▶ _HOW TO COMPLETE THIS TASK_: The line that contains "cesta de ropa" marks the start. Please set it down, with every later line of the data, exactly and without pictures.

▶ _GIVEN INFORMATION_:

^^^^

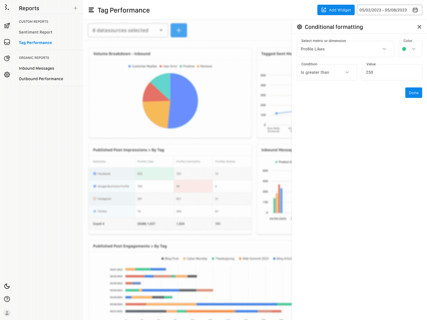 時間帯ごと、曜日ごと、特定のカテゴリーに定義された投稿ごと、内容ごと、センチメントごと、とさまざまな角度から提供します。
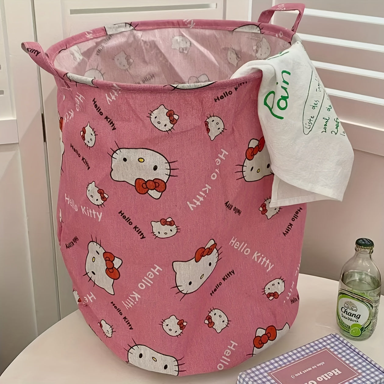 cesta de ropa redonda de tela con asa para almacenamiento en dormitorio
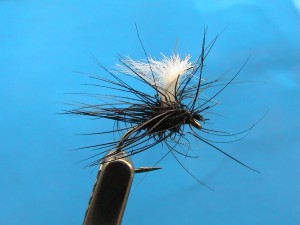 black thread, black seal, white poly wing, black parachute hackle.

^^^^

▶ _TASK RESULT_:
 cesta de ropa redonda de tela con asa para almacenamiento en dormitorio
 black thread, black seal, white poly wing, black parachute hackle.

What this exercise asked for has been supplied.